▶ Exercise prompt: Write out, word for word, each line from the start of the entries through the one holding "圖為7月9日,直屬一大隊民警在城區(qū)臨園路嶺南路口執(zhí)勤。"; omit the pictures.
============
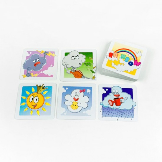 Rainbow es un Juego de cartas infantil donde los jugadores tendrán que formar su propio arcoíris, a pesar de que las nubes, el viento y las tormentas no lo pondrán nada fácil.
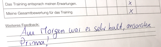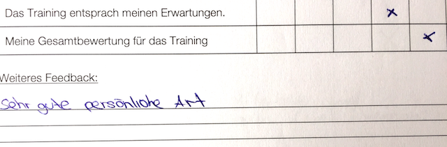 Was ich noch anmerken wollte ist, dass ich durchaus sehr positiv finde, dass man auch über das Seminar hinaus noch kleine Aufgaben gestellt bekommt, um das gelernte wieder aufzufrischen. Von meiner Seite aus nochmal ein ganz dickes Lob an Sie für die zwei schönen Tage in Münster und Ihre ausgezeichnete Vor - und Nacharbeit.
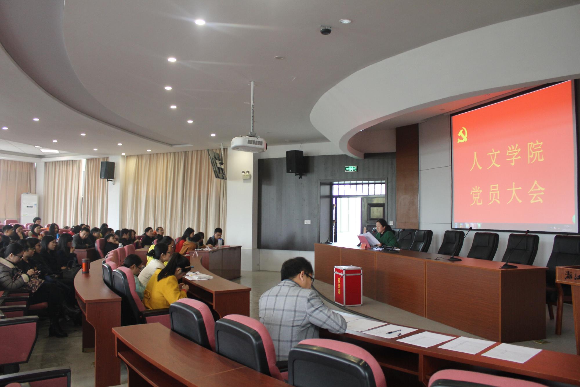 在学院楼报告厅召开了全体党员大会,选举中共浙江财经大学第一次代表大会代表。学院全体教工和学生党员参加了会议,本次大会由院党总支副书记高燕主持。
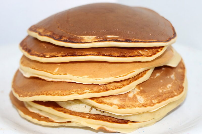 - Servir les pancakes chauds avec du beurre et du sirop d’érable.
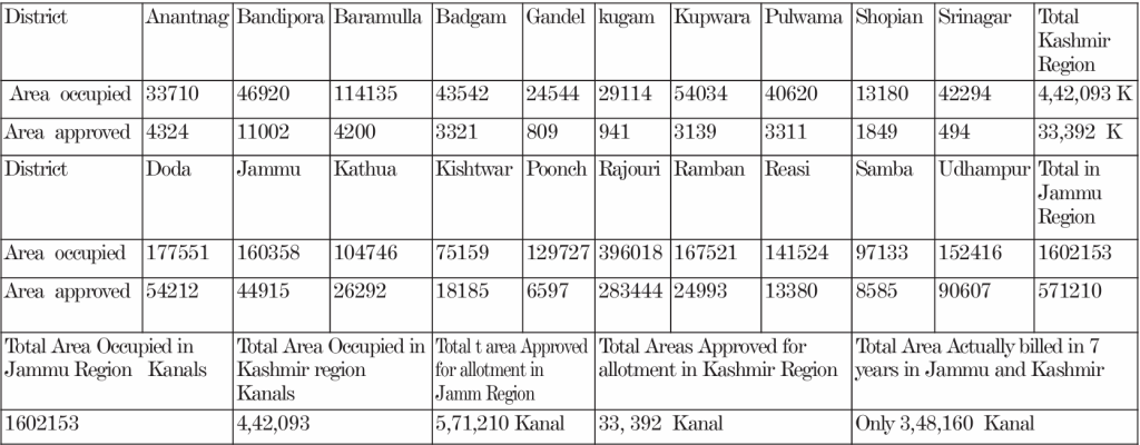 Just to have an broad but immediate idea of the government lands in the possession “unauthorised” it can be well seen from the Table – A below which shows the quantum of the anticipated occupied lands district wise as per reports with the government and the lands that had been cleared by the revenue department for grant of freehold/ ownership rights to illegal occupants / legal occupants ( those who had long official lease ) where from it is quite evident that the ‘beneficiaries’ very very large in number and were spread over whole of J&K ( except Ladakh Region).
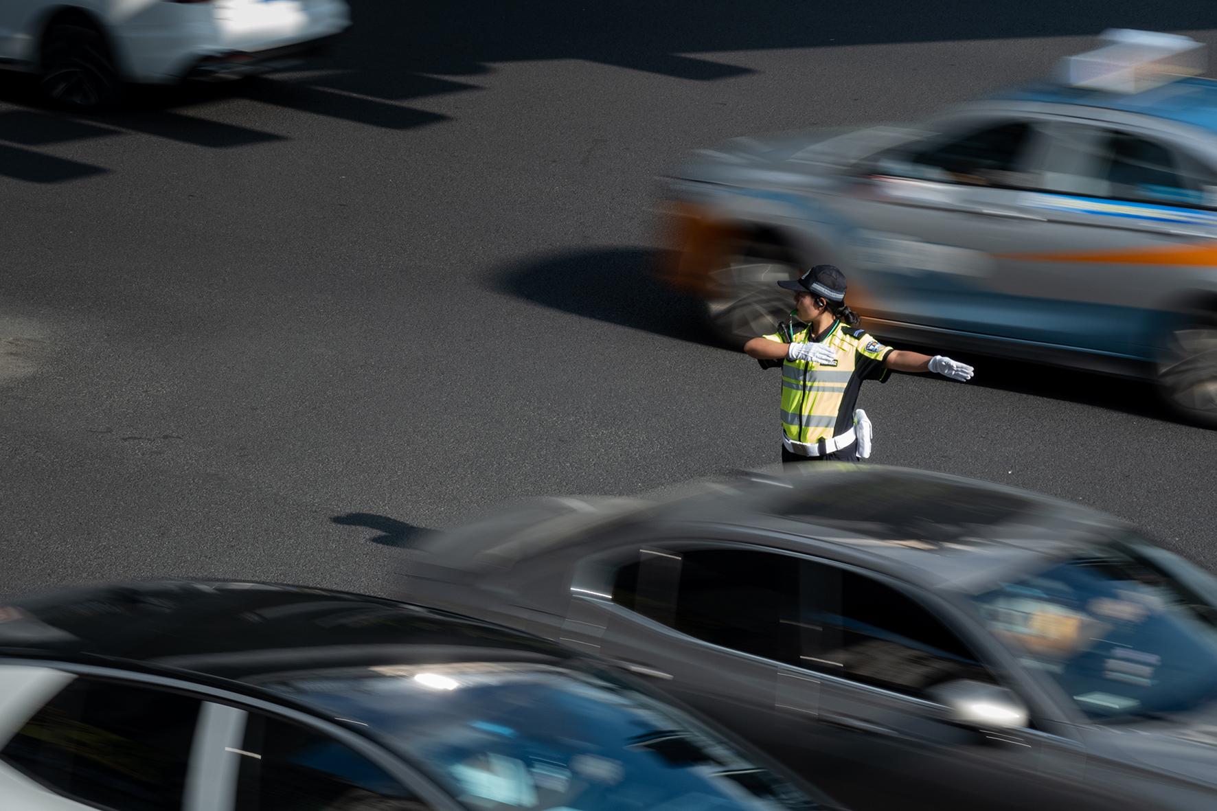 圖為7月9日,直屬一大隊民警在城區(qū)臨園路嶺南路口執(zhí)勤。
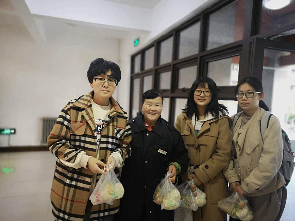 除了主题班会之外,同学们开展各种各样的实践活动,以自身实际行动来奉献爱心。在“落叶清扫”活动中,同学们树立爱校建家的意识,帮助清扫草坪上的落叶,美化了校园环境的同时,树立了自我服务的主人翁意识。在“爱心早餐”活动中,各位同学分组给楼管阿姨送去爱心早餐,以此来表达楼管阿姨一直以来的帮助及关心。同时,为了更好地将爱心送给需要帮助的人,各班级组织爱心捐赠活动,将自己闲置的书籍、衣物、生活用品等纷纷捐赠出去,赠人玫瑰手有余香。
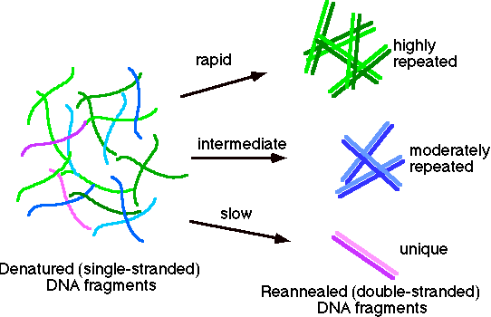 The highly repeated sequences (many copies per genome) will renature rapidly, since kinetically any strands can find a match much more quickly. The moderately repeated fraction will have an intermediate time of renaturation. Finally the unique sequence (e.g., calf non-repetitive fraction) will have the slowest time of renaturation.
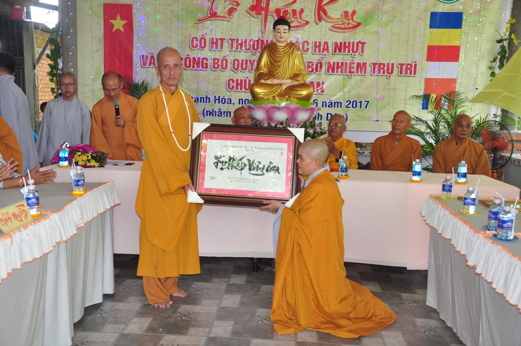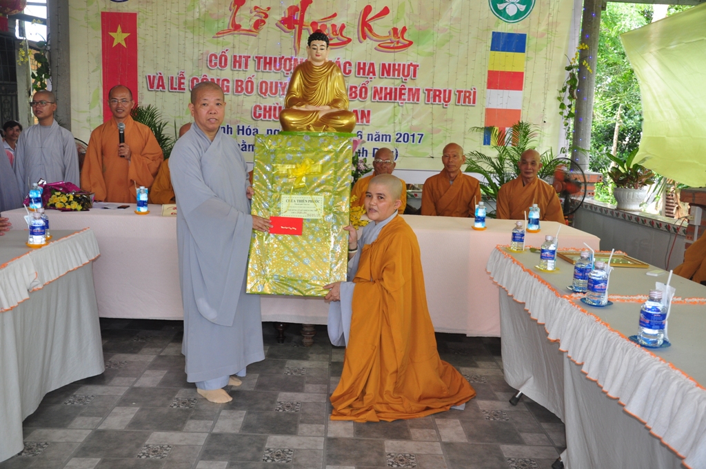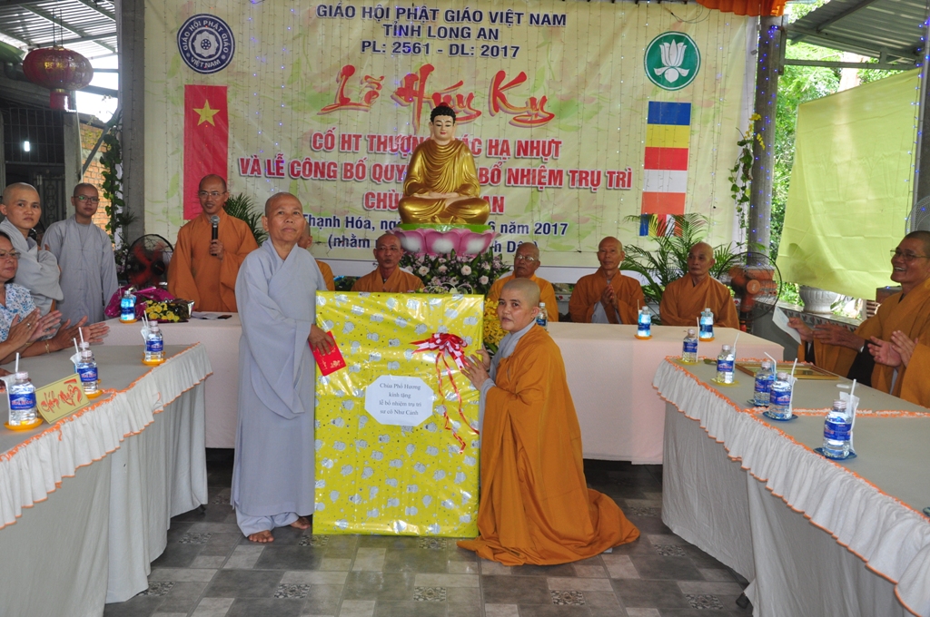 ĐĐ Thích Lệ Trí thay mặt Thường trực BTS GHPGVN tỉnh Long An đã tuyên đọc quyết định bổ nhiệm Sư cô Thích nữ Như Cảnh đảm nhiệm trụ trì chùa Phước An. Sau đó, HT Thích Thiện Tâm đã trao quyết định đến vị tân trụ trì.
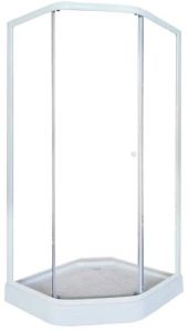 Белый профиль и прозрачное стекло придают уголку визуальную невесомость. Благодаря универсальному дизайну, уголок не будет перетягивать на себя внимание от общей идеи оформления ванной. За счет трапециевидной формы модель занимает мало места, но внутри комфортно принимать душ.Достоинства:Травмобезопасное закаленное стекло 4 мм: в случае битья, полотно рассыпается на гранулы, о которые невозможно порезаться.Низкий поддон (12 см) легко переступать. Рельефное дно предупреждает падения.Одинарные нажимные ролики обеспечивают плавный ход створок.Двери смыкаются плотно, вода наружу не просачивается.В комплекте – сифон.
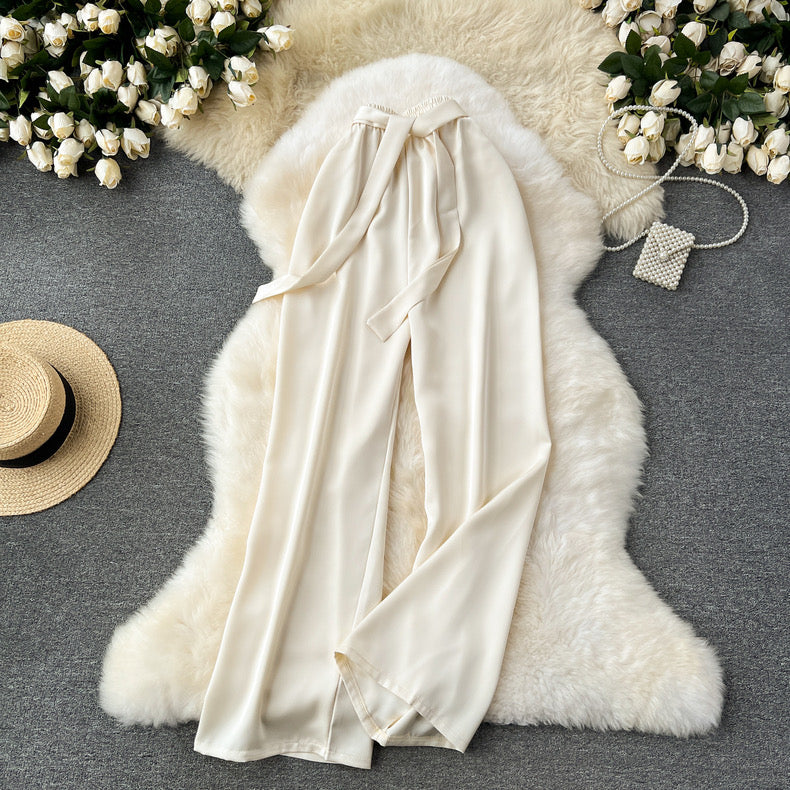 Frenchy Belted Wide Leg Satin Pants - White / One Size (Fits S to L)
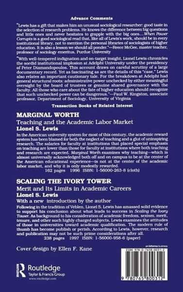 It is often said that the American academic, protected by tenure, is free to do pretty much as he or she pleases. Lewis argues that this freedom is largely an illusion. Faculty actions are greatly limited by governing boards and the academic administrators they appoint, who control institutional resources. Although ostensibly independent professionals, in many ways faculty have no more autonomy than most employees. Indeed, what power they have derives from faculty-student relationships. Lay governing boards ultimately control how money is spent and who spends it. This volume addresses issues relating to current debates over the most appropriate and effective method of academic governance. When Power Corrupts details the conflict between the governing board and administration and faculty at Adelphi University in Garden City, New York, between 1985 and 1996. This conflict culminated in the removal of the Board of Trustees by the New York State Board of Regents. The new trustees in turn removed the president. Although the book focuses on board administration-faculty relations at one university, its findings have implications for almost all other institutions of higher learning in the United States. Lewis draws on the nearly 8,000-page transcript of the hearings of the Regents. These eleven volumes of exhibits include hundreds of documents obtained from individuals and organizations. Lewis suggests that academic administrators have more control of governing boards than is generally recognized. Besides influencing who is asked to join a board, administrators may largely determine the information boards receive and on which they must make decisions. When faced with decisions, boards oftendefer to academic administrators or acquiesce to a campus president's suggestions. Because conflict over governance all too often takes precedence over academic work on American campuses, the implications for higher learning are profound. Faculty, academic administrators
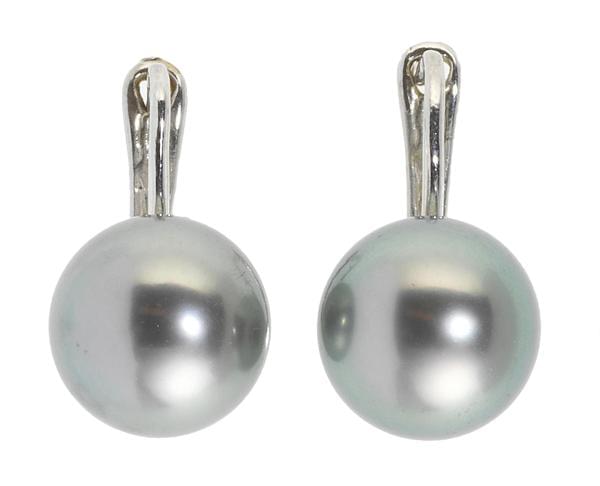 3160. *Boucles d'oreilles dormeuses serties de perles de Tahiti (D env...
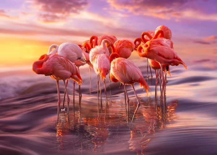 Since the plastic garden beauties were created inspired by the actual colorful birds, let’s find out more about them. There are six species of modern flamingos, and most of them live in Asia, Africa, and South America. These pink animals get their color because of carotenoids (naturally occurring pigments) in the food they eat (shrimp, algae, and plankton). If they’re not getting the right diet, their color fades. It takes up to three years for baby flamingos to turn their gray feathers into a colorful coat.
============
▶ Your response:
 Rainbow es un Juego de cartas infantil donde los jugadores tendrán que formar su propio arcoíris, a pesar de que las nubes, el viento y las tormentas no lo pondrán nada fácil.
 Was ich noch anmerken wollte ist, dass ich durchaus sehr positiv finde, dass man auch über das Seminar hinaus noch kleine Aufgaben gestellt bekommt, um das gelernte wieder aufzufrischen. Von meiner Seite aus nochmal ein ganz dickes Lob an Sie für die zwei schönen Tage in Münster und Ihre ausgezeichnete Vor - und Nacharbeit.
 在学院楼报告厅召开了全体党员大会,选举中共浙江财经大学第一次代表大会代表。学院全体教工和学生党员参加了会议,本次大会由院党总支副书记高燕主持。
 - Servir les pancakes chauds avec du beurre et du sirop d’érable.
 Just to have an broad but immediate idea of the government lands in the possession “unauthorised” it can be well seen from the Table – A below which shows the quantum of the anticipated occupied lands district wise as per reports with the government and the lands that had been cleared by the revenue department for grant of freehold/ ownership rights to illegal occupants / legal occupants ( those who had long official lease ) where from it is quite evident that the ‘beneficiaries’ very very large in number and were spread over whole of J&K ( except Ladakh Region).
 圖為7月9日,直屬一大隊民警在城區(qū)臨園路嶺南路口執(zhí)勤。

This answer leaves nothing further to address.